CÉU DE BRIGADEIRO? (FOTO: ARQUIVO GOOGLE) |
PARA MICHEL TEMER, GOVERNO MERECE
CONGRATULAÇÕES PELO MUITO QUE JÁ FEZ
Alçado ao Planalto nas pegadas de manifestações épicas
contra a corrupção, Temer comete o erro primário
de imaginar que pode governar de costas para a ética
POR JOSIAS DE SOUZA
UOL – 20/12/2016 | 04:21
Michel Temer está chateado. Acha que seu governo não vem obtendo o
reconhecimento que merece. Um auxiliar do presidente conta que ele se considera
injustiçado pelo pedaço da imprensa que o imprensa. Herdou de Dilma o caos,
gosta de realçar. Poderia resignar-se. Mas prefere encarar a conjuntura com
coragem, não cansa de repetir. Enumera os feitos obtidos em escassos sete
meses: a PEC do teto dos gastos, a troca do modelo de exploração do pré-sal, a
deflagração da reforma do ensino médio, o encaminhamento da proposta de ajustes
na Previdência. Temer está satisfeito consigo mesmo. Lamenta que os resultados
não aparecem do dia para a noite. Mas avalia que todos têm o dever de
reconhecer que as coisas melhoraram.
Num instante em que perde a pouquíssima popularidade de que
dispunha, Temer cogita enfrentar as panelas no horário nobre da tevê, para
demonstrar à plateia que seu governo é entusiasmante. Muitos brasileiros,
depois de ouvir o pronunciamento do presidente talvez resolvam viver no país
que ele descreve com tanta convicção, seja ele onde for. No país de Temer, pelo
menos, o presidente não é alvejado por denúncias, seus auxiliares não são
suspeitos de corrupção, seus líderes no Congresso não respondem a inquéritos,
sua base legislativa não está apodrecida, seu partido não cheira mal, não
existe Odebrecht, as ruas não roncam e 2017 será próspero.

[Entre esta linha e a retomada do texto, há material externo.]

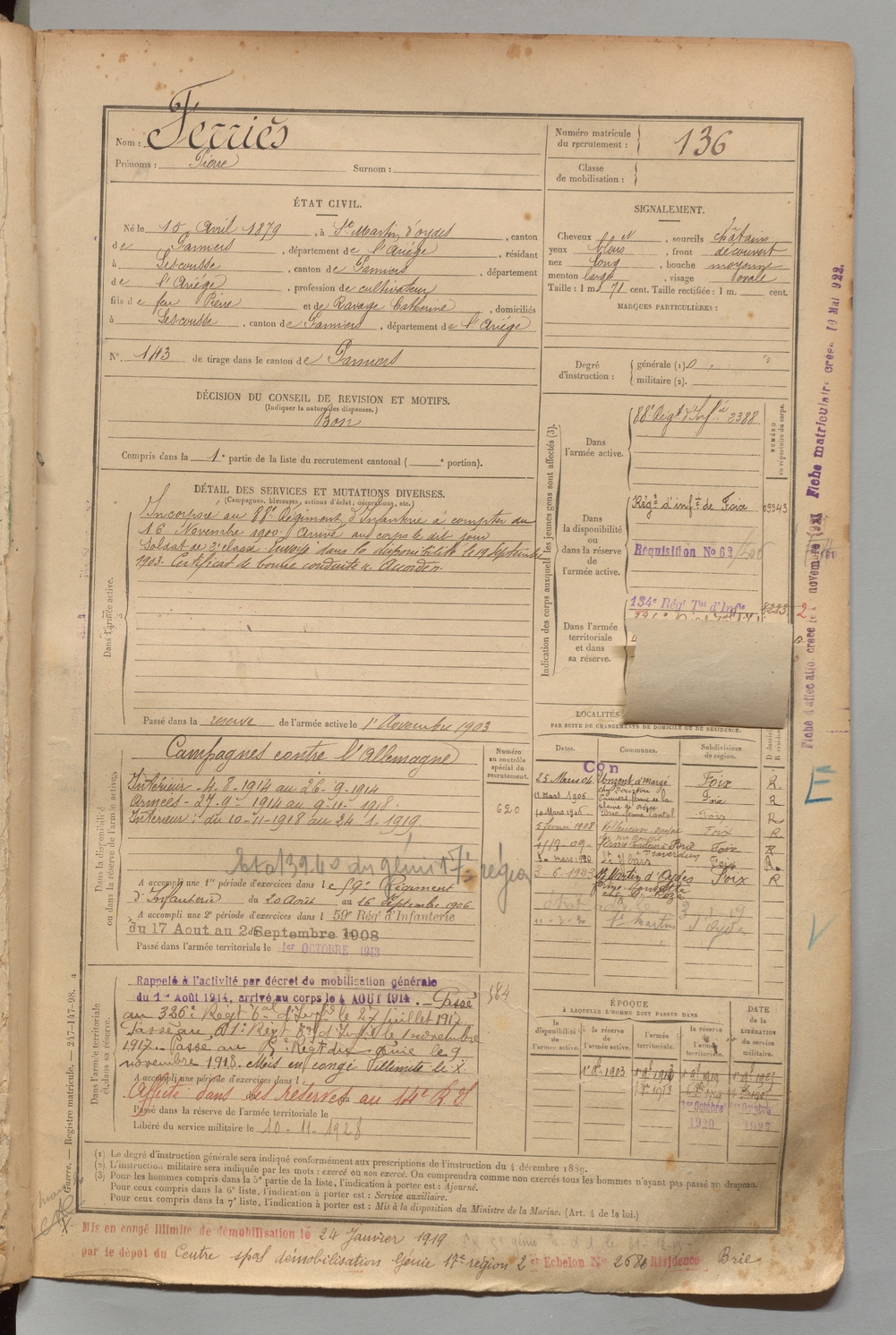 | Ferriès | Pierre | FOIX | 1 R 456 | 1899 | Saint-Martin-d'Oydes | Lescousse | 136 |

Temer faz como o avestruz: para não tomar conhecimento do pedaço
cinza da realidade, enfia a cabeça nos seus autocritérios. O brasileiro vive um
daqueles momentos em que entender o que se passa depende da predisposição de
cada um. Ou o país continua na rota do caos ou tomou a trilha da redenção, você
decide. Temer é otimista por obrigação. Sua claque é otimista por hipnose. Seus
aliados são otimistas por intere$$e. Os 13% que avaliam seu governo como ótimo
ou bom são otimistas na esperança de que as medidas do governo sejam boas, pois
não há outras. E os 63% que pedem a renúncia de Temer antes do Natal desconfiam
que quem é otimista trocou a razão pela comodidade de uma confiança cega.
Alçado ao Planalto nas pegadas de manifestações épicas contra a
corrupção, Temer comete o erro primário de imaginar que pode governar de costas
para a ética. Ao enaltecer suas realizações sem atentar para o lodo lhe toca o
bico do sapato, o presidente está, no fundo, pedindo aos brasileiros que façam
como ele: se finjam de bobos pelo bem do Brasil. Temer sabe que a delação coletiva
da Odebrechet, trancada na sala-cofre do Supremo Tribunal Federal, transforma
sua administração numa superestrutura pendurada no ar. Mas não convém
comprometer a salvação do país por algo tão politicamente supérfluo como a
moralidade. Enquanto der, o melhor é fingir que nada aconteceu. Fica combinado
que os 800 depoimentos dos 77 delatores da Odebrecht não existem.